Он здесь! Так это он преследовал ее – вернее, спасал! Он
искал ее – и нашел. Он здесь!
Безумная радость охватила ее. Эти незабываемые черты, эти
синие глаза… смех и нежность струились из них. Он склонился к Маше, его губы
были так близко, так близко! До смерти захотелось прижаться к этим губам,
прижаться к нему, но вдруг, словно удар кнута, ожгло воспоминание о губах
Вайяна, о теле Вайяна, вдавившем ее тело в красный бархат разоренной постели… И
Маша враз ощутила себя грязной с ног до головы – грязной и оскверненной.
Что же она натворила! Что натворила!
Она с ужасом отшатнулась от Корфа – и едва не разрыдалась,
увидев, как мгновенно погасли его глаза, окаменело лицо, а объятия разжались
так внезапно, что Маша чуть не упала.
– Итак, сударыня, – произнес он безразлично, сухо, таким
чужим голосом, что Маша невольно схватилась за сердце, – чему я обязан новым
удовольствиям видеть вас? Кстати, не забудьте поблагодарить графа Комаровского:
когда б не его самоотверженные хлопоты, нам ни за что не найти бы вас, мадам,
так вы увлечены были своим приключением!
Маша невольно стянула на полуобнаженной груди края рваного
платья – Вайян давеча не церемонился с ее туалетом; перехватив надменный взгляд
барона, она поняла, что он каким-то образом обо всем догадался, словно
разглядел на ее коже следы рук Вайяна; и улыбка, исполненная теперь даже не
презрения, а гадливости, искривила его уста, от которых Маша с трудом оторвала
взор.
Она подняла измученные глаза и увидела растерянные лица
Данилы и Егорушки, которые терялись в догадках, как понимать поведение так
внезапно встретившихся мужа и жены.
И вдруг такая злоба на все, что произошло, на судьбу, снова
подставившую ножку, на барона, опять даже не пожелавшего узнать, что с ней было
в плену – просто с маху, сплеча осудившего, отвергнувшего! – на всех этих
мужчин, глазеющих на нее, не сумевших уберечь ее, пришедших поздно, поздно, а
теперь не сказавших ни слова привета, более того – сме́ющих глядеть с
презрением, – такая злоба вдруг обуяла Машу, что она вскрикнула гневно:
– Берегите свои шляпы, господа! Ветер может унести их!

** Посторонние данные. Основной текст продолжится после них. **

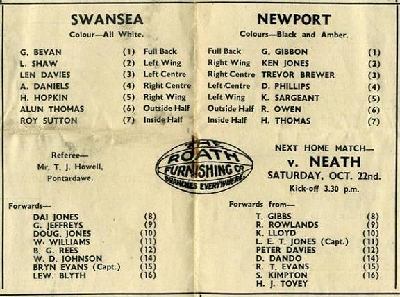 "Swansea are shaping in most promising style this season. Talk in the West of their half-back combination of Alun Thomas and R. Sutton matches that in the East of Newport's Burnett and Haydn Thomas. Unfortunately, illness prevents the former from being on view his afternoon, a fact which the Welsh selectors will undoubtedly regret, hut there will be time enough yet to judge their respective merits before the International matches are seriously considered."
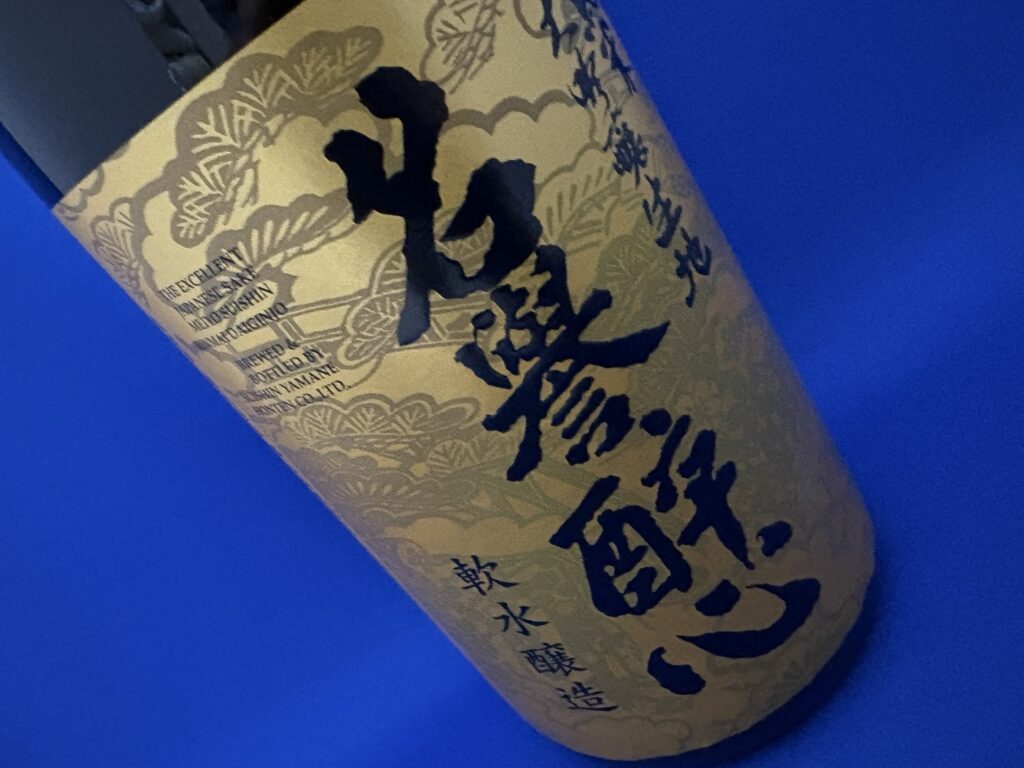 黄金色のラベルがまぶしい…。贈答や祝辞事に用いられることも多い逸品です。
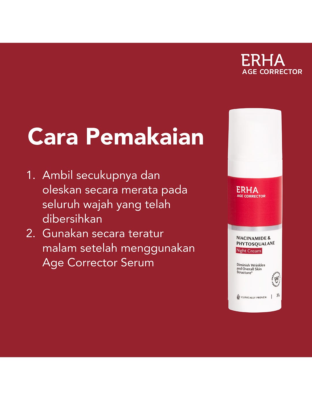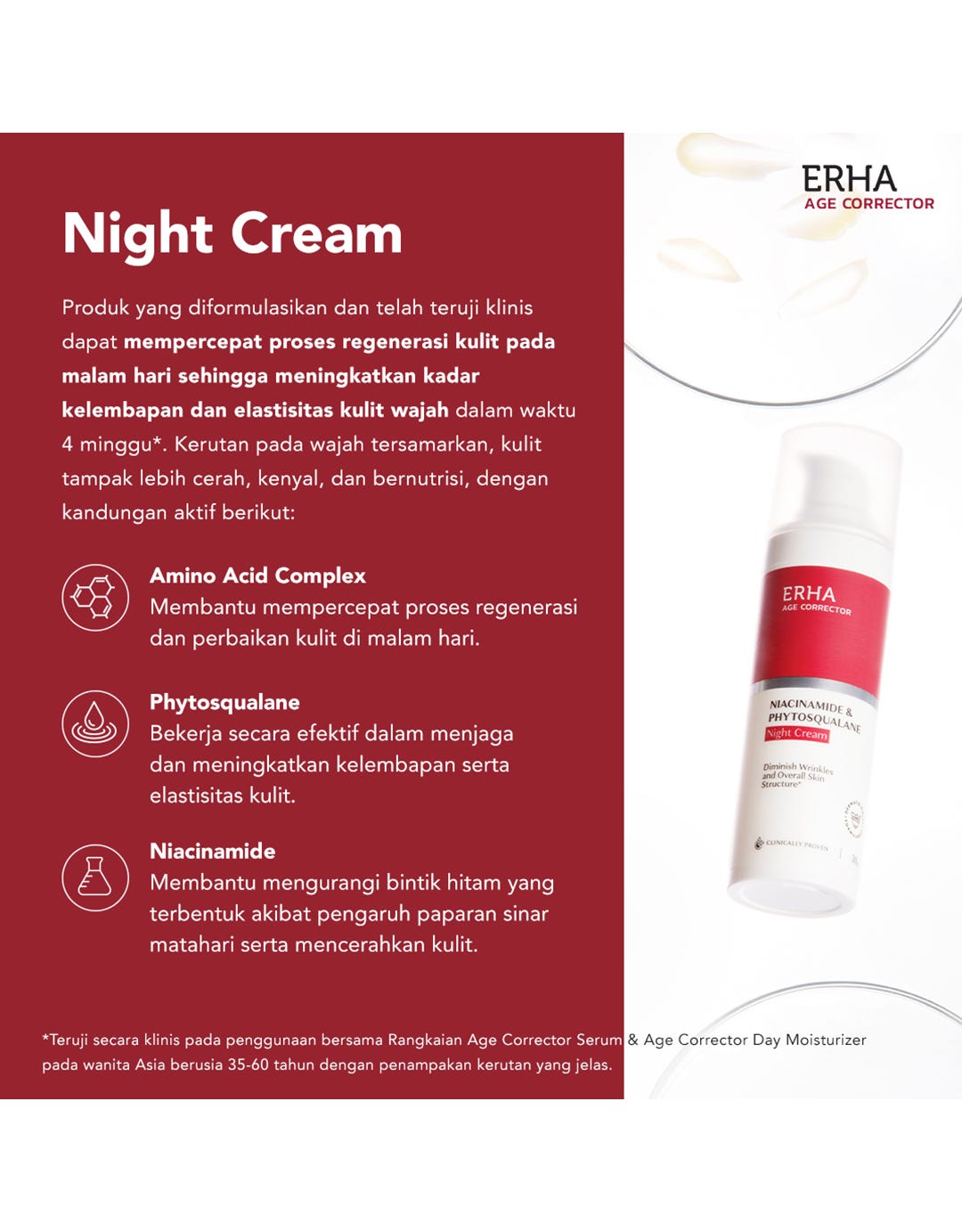 Regenerate Your Skin With The Best Regenerating Night Cream! Night Is The Best Time For Skin To Regenerate. Therefore, Use Erha Anti-Aging Moisturizer Products With The Best Formulation, Such As Age Corrector Niacinamide & Phytosqualane Night Cream. Moisturizers That Are Specially Formulated To Help Accelerate The Process Of Regenerating New Skin Cells, Help Brighten And Disguise Dark Spots, Fine Lines, And Signs Of Aging Due To UV Rays And Free Radicals.
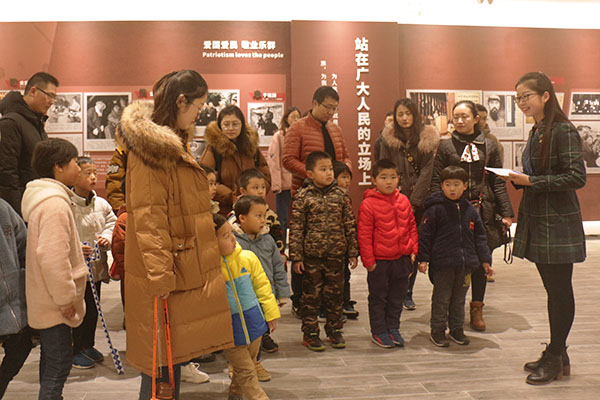 图为亲子携手参观校史馆现场。记者 茆星月 摄
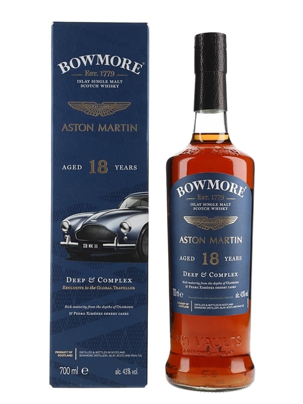 A bottle of Bowmore 18 Year Old Islay Single Malt Scotch Whisky made in collaboration with Aston Martin. This was matured in a combination of Oloroso and Pedro Ximenez Sherry casks.
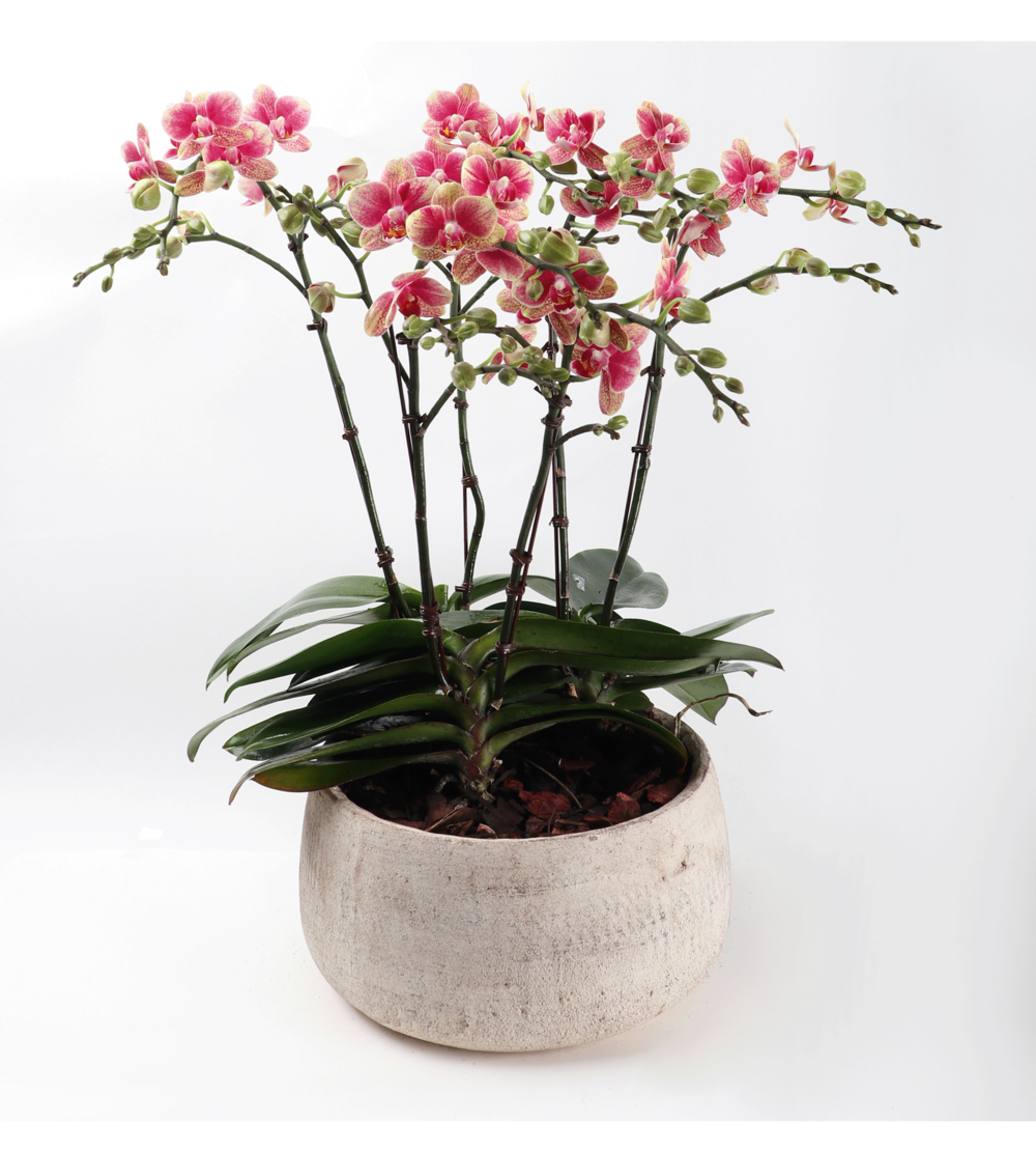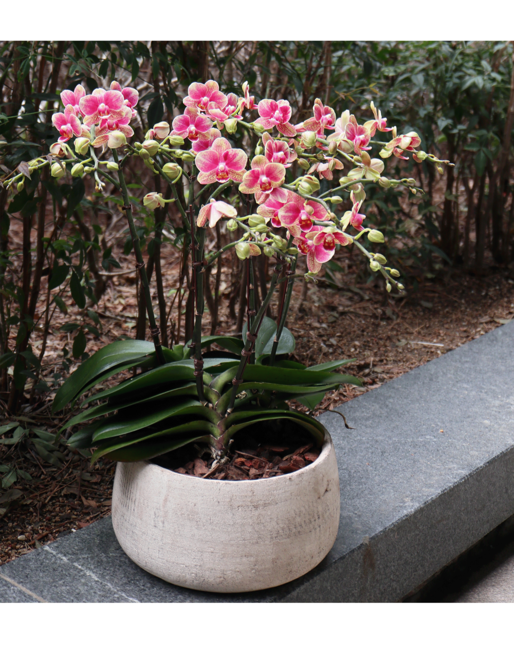 앤틱한 핑크 색상과 묵직한 화분에 호접란 3포트가 심어져 있으며
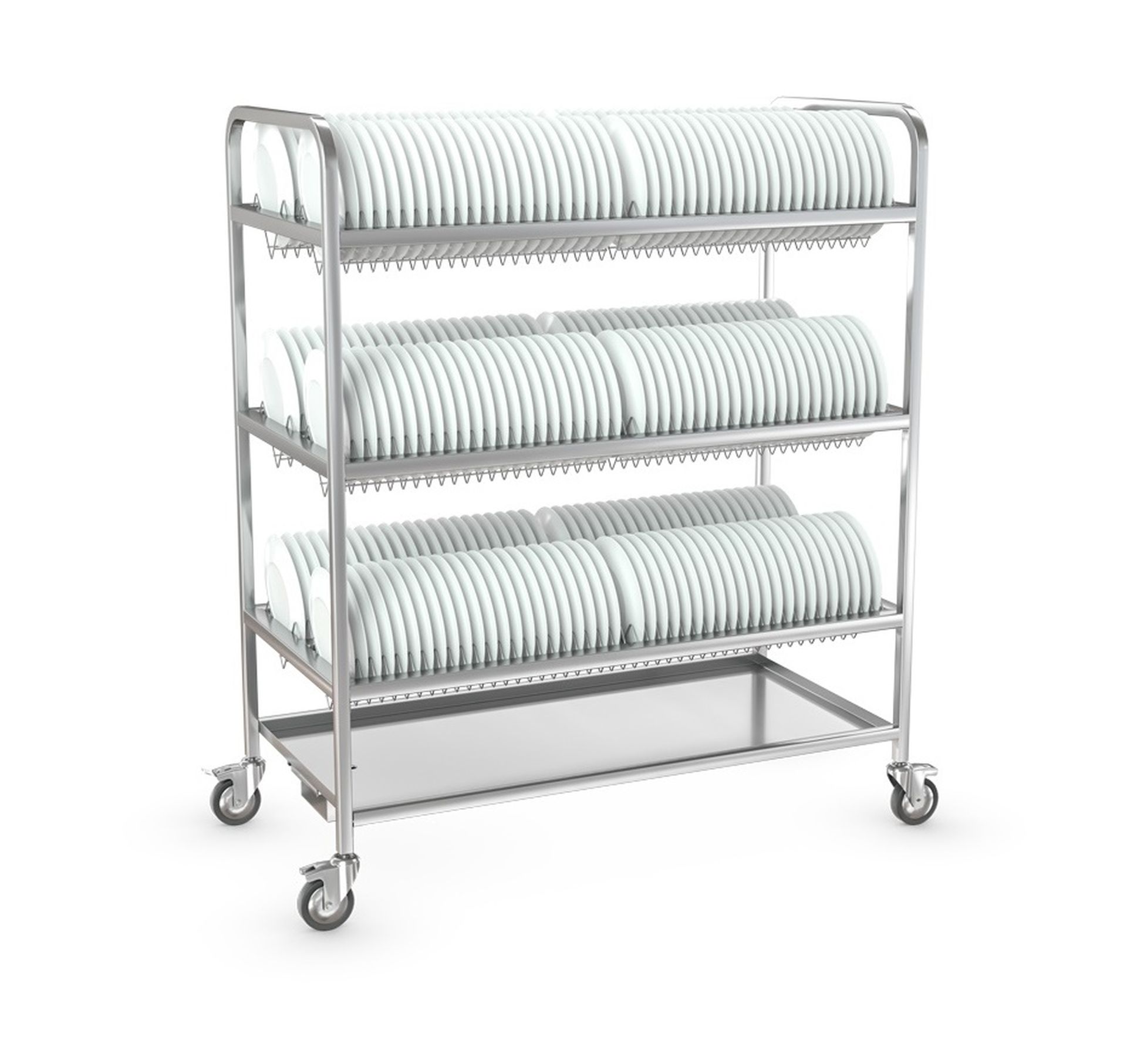 1170х600х1430 мм, AISI304, 3 яруса, на 246 тарелок, 2 колеса с тормозом, сварная
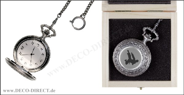 DECO DIRECT® Taschenuhr Karatekämpfer, antik versilbert, Ø ca. 48 mm, Handaufzug, arabisches Zifferblatt, Sprungdeckel und Kette, in Holzverpackung (9,5 x 9,5 x 3,5 cm), Gravurempfehlung: auf Verpackungsaußenseite, Bestellnummer: 82202230
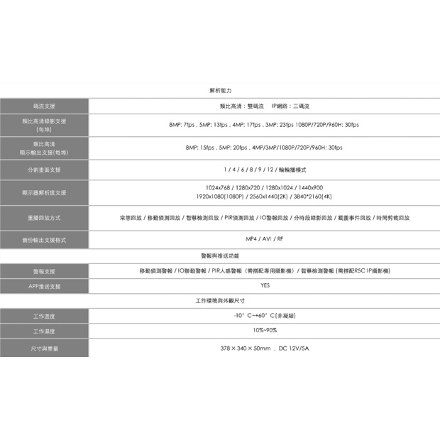支援AHD/TVI/CVI/CVBS/IPC視訊系統
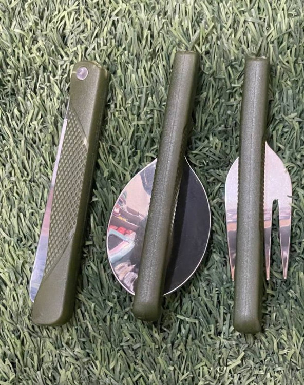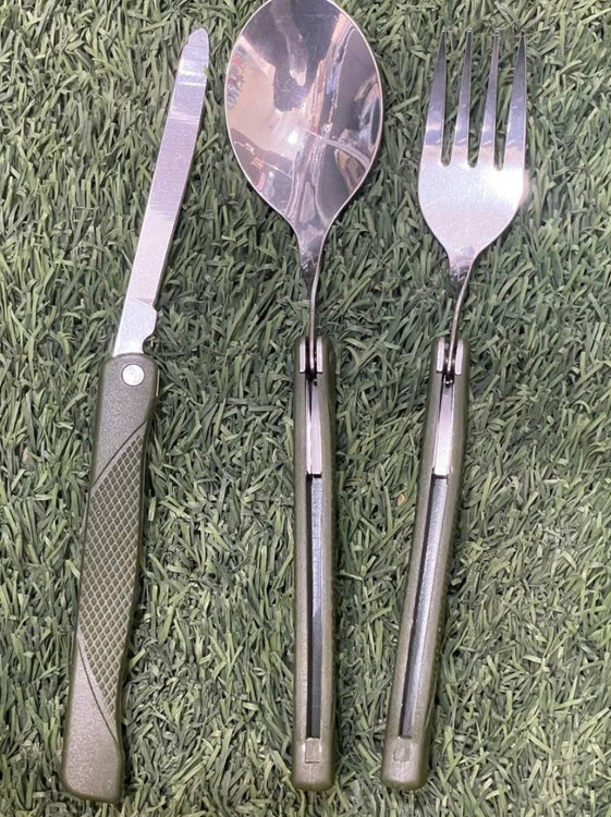 معرفی یک عدد قاشق چنگال وچاقوی تاشو در داخل کیف مخصوص حمل قرار داده شده است در هنگام باز کردن طول این وسایل به20سانتی متر میباشد ودرموقع تا شدن طولخ12 سانتی متر است که میتوان آن را به. راحتی در جیب شلوار کیف داشبورد وماشینو.....قرار داد

Данила и молодой граф, спохватившись, сорвали шляпы,
кланяясь Маше, но она это едва ли заметила: мстительно усмехнулась, увидев, как
залилось краскою лицо Корфа, когда он медленно, как бы нехотя, потянул с головы
шляпу, украшенную белыми перьями. И, отвернувшись, не дождавшись его
принужденного полупоклона, уставилась на дорогу, унимая расходившееся сердце.
Ничего не изменилось, ничего! Они ненавидели друг друга
по-прежнему, что в России, что во Франции, ненавидели… ну и пусть!
Глава 13
Лютеция и ее обитатели
– Вот вам и Лютеция Паризиориум, – вежливо и сухо, словно
представлял случайную знакомую, произнес Корф, и перед Машей открылась обширная
равнина, а на ней, вдоль извилистой реки, исчерченной тенями мостов, –
невообразимые громады зданий в тени деревьев.
Многолюдье, пестрота, шум, разноцветные витрины богатых
лавок. Карета мчится за каретою, беспрестанно кричат возницы: «Gare! Gare!
[55]
» Вокруг волнуется море людское; и все спешат куда-то – звенят голоса,
будто в огромном, шумном птичнике! Маше казалось, что она, как маленькая
песчинка, попала в ужасную пучину и несется, несется куда-то, кружась в водном
вихре, и тут карета остановилась у трехэтажного серого дома с башенками – стены
и решетка сада были увиты белыми вьющимися розами.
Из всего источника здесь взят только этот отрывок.